1839 Explorer Charles Heaphy sees Lake Wairarapa from a Rimutaka ridge.
1840
William Deans and Ensign Abel Best are the first Europeans to trek around the coast to 'Widerup or Palliser Bay'. Robert Stokes crosses the Rimutaka Range in 1841 and Charles Kettle travels through the Manawatu Gorge and down through the Wairarapa in 1842.
1840 6 Feb, New Zealand’s founding document ‘The Treaty of Waitangi’, is signed.
1841 ‘Te Heke o nga Rangatira’, a peace treaty between the Wairarapa rangatira Tutepakihirangi and the occupying Te Atiawa rangatira Te Wharepouri sees the return of the local iwi to their homelands. At the same time the first New Zealand Company settlers, attracted by extravagant promises of work and a chance to buy land, arrived at Port Nicholson (Wellington) and began casting their eyes over the broad Wairarapa valley, assessing its potential as pastoral lands for their herds of sheep.
1843 Access to pastoral land is almost impossible around the southern coast and the New Zealand Company’s surveyor Samuel Brees sets out to find an overland route to Wairarapa and Hawkes Bay.
1843 Meanwhile, pioneering settlers drive 350 merino sheep around the rugged rocks of the southern coast and begin the development of some of New Zealand’s largest sheep stations.
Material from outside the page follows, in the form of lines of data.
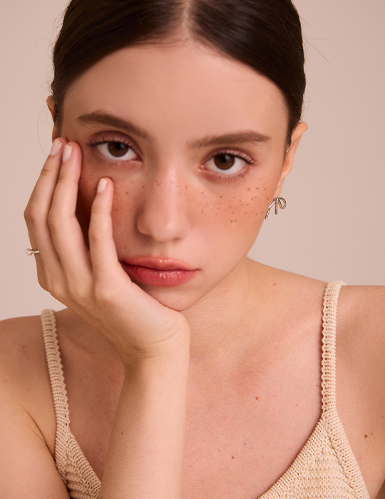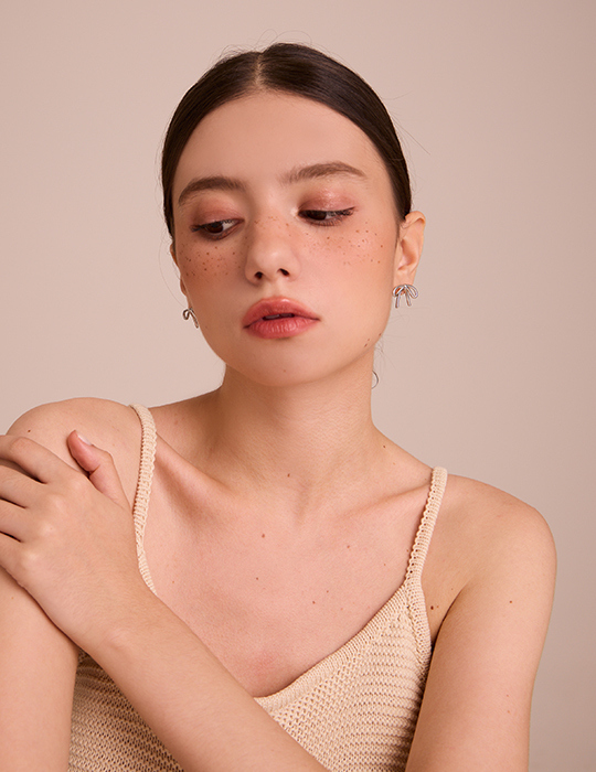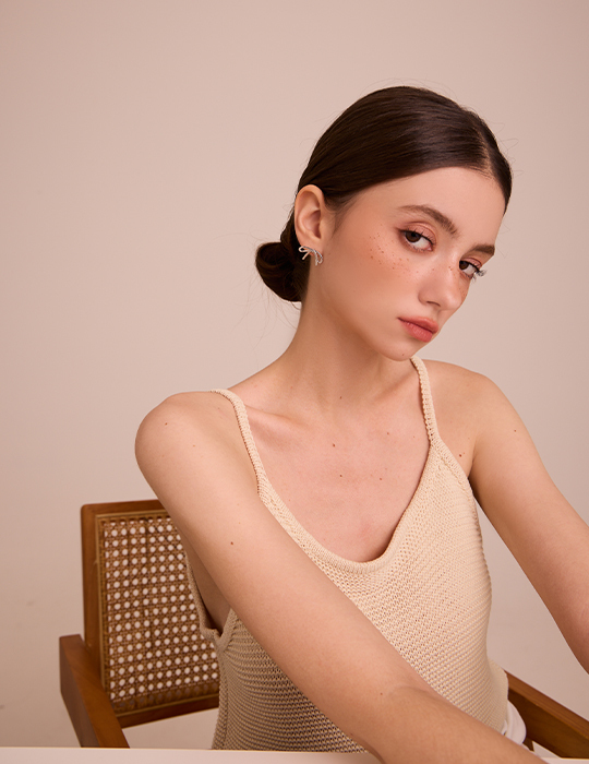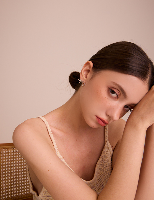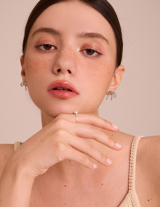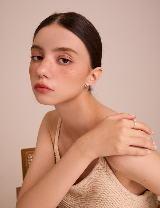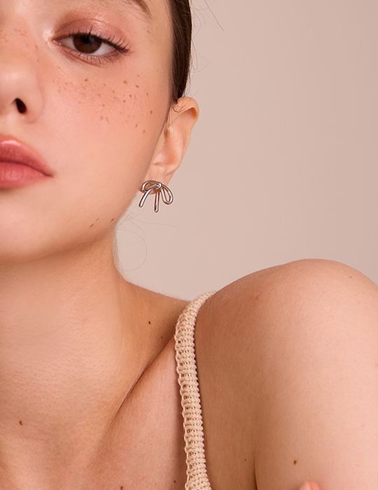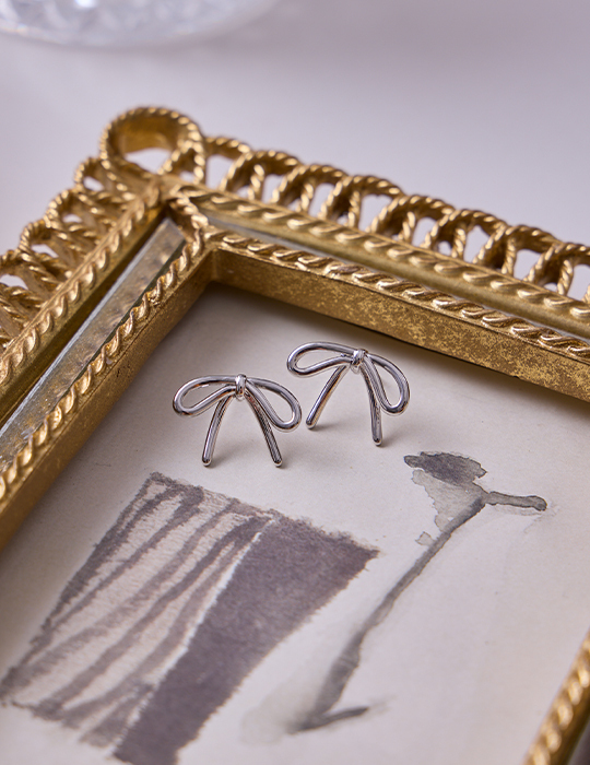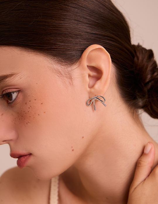金屬蝴蝶結 。針式耳環 (銀)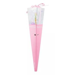 Rosa artificial na cor rosa com 36 x 7 cm de dimensão, envolto de luzes amarelos. Botão de ligar e desligar, ao ligar, pode manter a luz acesa constante ou piscando. Material: plástico; Funcionamento: 3 baterias LR44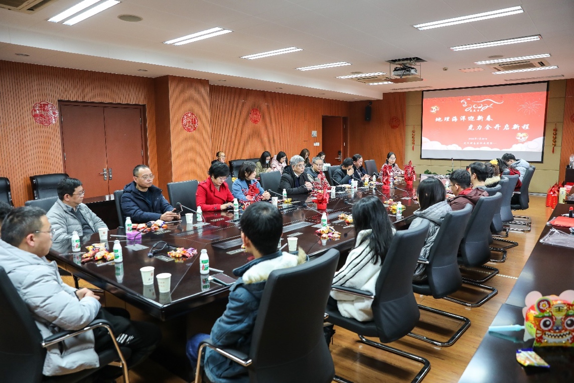 2022年1月25日(农历小年)下午,黄漫 40余名师生在仙林校区昆山楼237会议室举行“地理海洋迎新春,虎力全开启新程”留校学生新春团拜活动。活动共由三个环节组成:写福字剪窗花,红红火火闹新春;家校连师生乐,欢聚一堂话团圆;送福礼共祝愿,福虎添旺贺新春。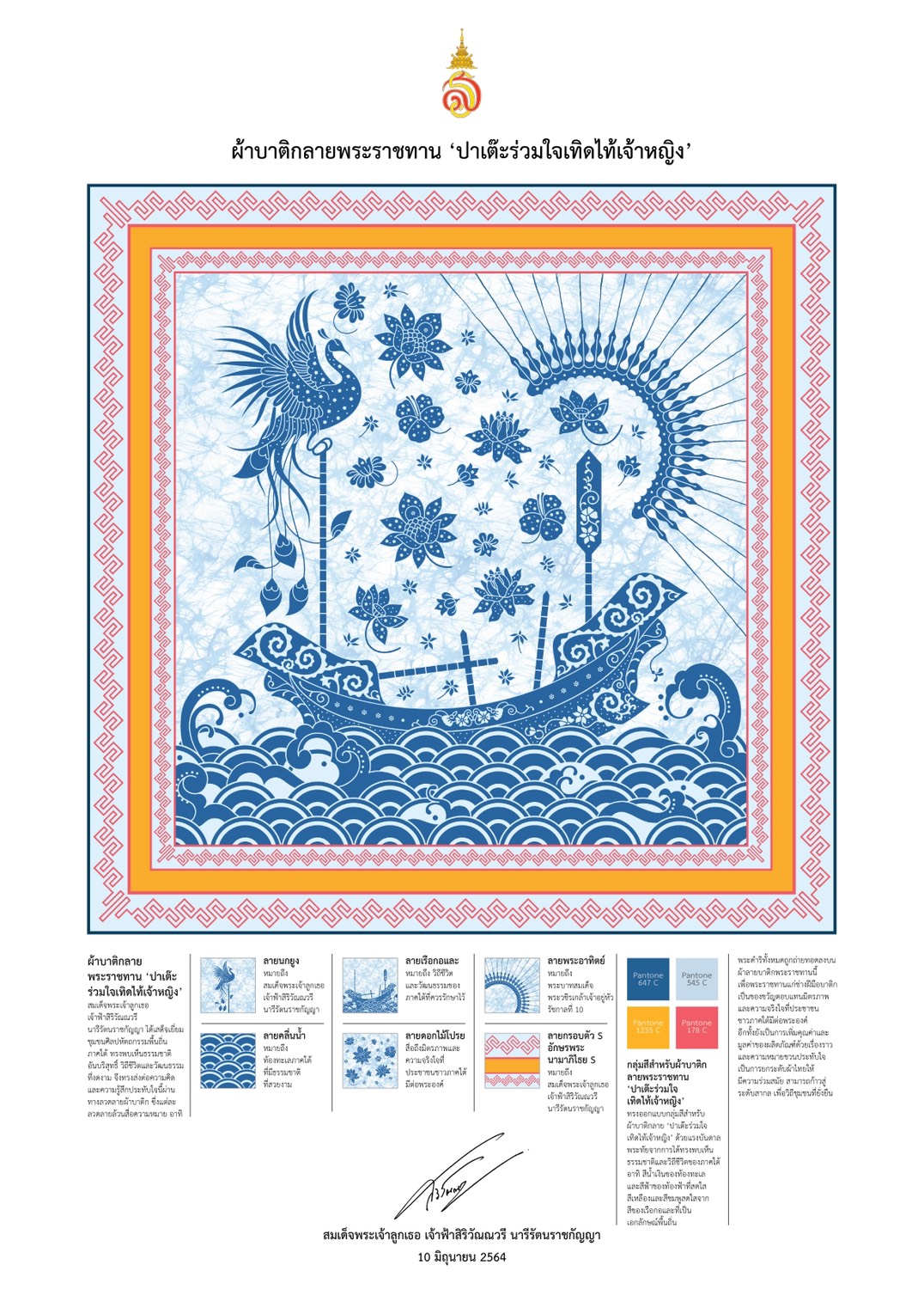 ปิติสมเด็จพระเจ้าลูกเธอ เจ้าฟ้าสิริวัณณวรี นารีรัตนราชกัญญา ทรงพระกรุณาพระราชทานลายผ้าบาติก ในโอกาสเปิดการประกวดผ้าลายพระราชทาน“ผ้าลายขอเจ้าฟ้าสิริวัณณวรีฯ”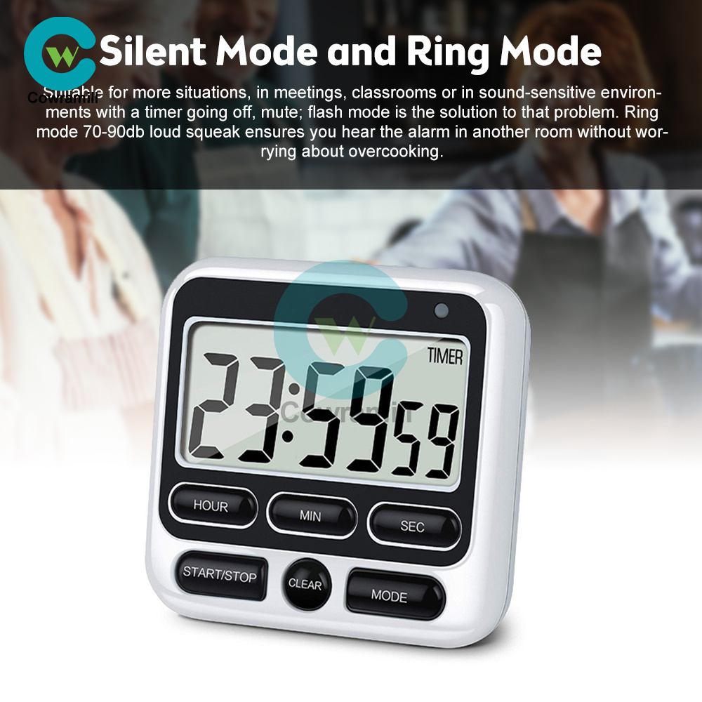 1. Silent Mode and Ring Mode: For more situations, ring the timer, silent in meetings, classrooms or sound sensitive environments; flash mode is the solution to that problem. Ring mode 70-90db loud squeak ensures you hear the alarm in another room without worrying about overcooking.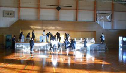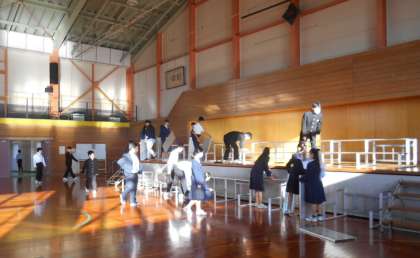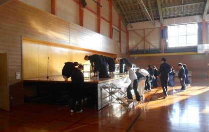 今日は、全学年が体育館でリハ−サルを行うため、合唱コンクール実行委員のみさなんが、朝早くからアルミひな壇の設営など、協力して会場準備を行っていました。ご苦労さまです。ありがとう。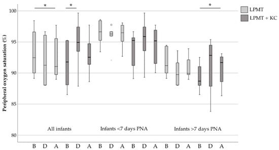 In Figure 3, we present the responses of all included infants compared with infants that received therapy before and after 7 days PNA. Oxygen saturation decreased statistically significantly after LPMT (median 94.0% before to median 92.7% after, p = 0.011). Regarding combined interventions, we observed an increase of oxygen saturation during therapy (median 91.4% before to median 94.5% during, p = 0.044). This oxygen saturation increase during LPMT combined with KC was significant in infants older than 7 days PNA (p = 0.033). Although not statistically significant, oxygen saturation levels of preterm infants seemed to slightly elevate during combined therapy and slightly drop during LPMT alone in both PNA groups.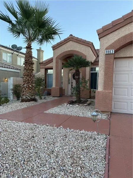 Stunning one-story home near Downtown Summerlin offering unbeatable location, lifestyle, & value without the Summerlin price tag. NO HOA. Rare 3-car garage home featuring 3 bedrooms, 2 bathrooms, vaulted ceilings, & open-concept layout ideal for modern living. Wood-look ceramic tile throughout main living areas w/carpeted bedrooms. Updated kitchen w/stainless steel appliances, granite countertops, ample storage, & an eat-in breakfast area flowing into a spacious family room. 2 fireplaces add warmth & charm, one in the living room & one in the primary bedroom. The oversized primary suite includes an en-suite bath & a private den perfect for a home office, gym, or flex space. Solar panels provide energy efficiency, lower utility bills, & long-term savings. Resort-style backyard features a private pool, built-in BBQ, & covered patio, perfect for entertaining. Prime Las Vegas location close ...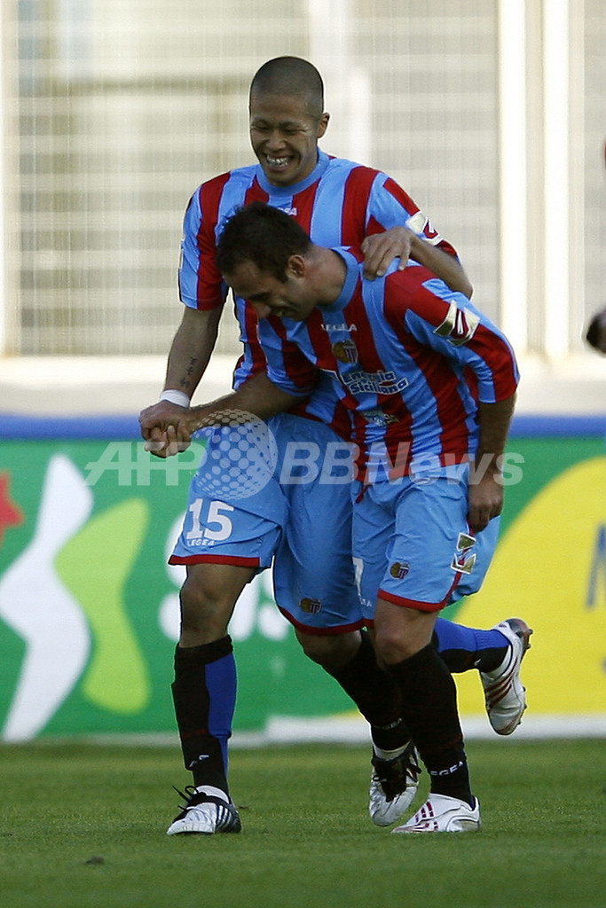 スポーツ サッカー 森本が2得点を記録したカターニアがASローマに勝利 2008年12月22日 6:35 発信地:カターニア/イタリア [ ヨーロッパ イタリア ] このニュースをシェア ‹ › ❮ 15/16 ❯ 前半40分にゴールを決めてチームメイトのジュゼッペ・マスカラ(%%Giuseppe Mascara%%)に祝福されるカターニアの森本貴幸。(2008年12月21日撮影)(c)AFP/MARCELLO PATERNOSTRO 画像作成中 ! 【12月22日 AFP】08-09イタリア・セリエA第17節、カターニア(Calcio Catania)対ASローマ(AS Roma)。試合は森本貴幸(Takayuki Morimoto)が2得点(前半40分、後半11分)を記録したカターニアが3-2でASローマを下した。(c)AFP サッカー 一覧へ> メディア・報道関係・法人の方向け 写真・動画 購入のお問合せ>

Frederick Weld, Charles Bidwill, Charles Clifford, William Vavasour and Henry Petre arrange 14 year leases with the Ngati Kahungunu rangatira Te Rangi-taka-i-waho. Charles Clifford’s station ‘Wharekaka’ is the first sheep station in New Zealand. Unknowingly the five grazier farmers put in place the framework of the future shape of the Wairarapa.
1845 The Crown threatens military action and confiscates eighty thousand acres at Maungaroa (White Rock) after an incident involving settler Billy Barton’s staff and rangatira Te Wereta Te Kawekairangi.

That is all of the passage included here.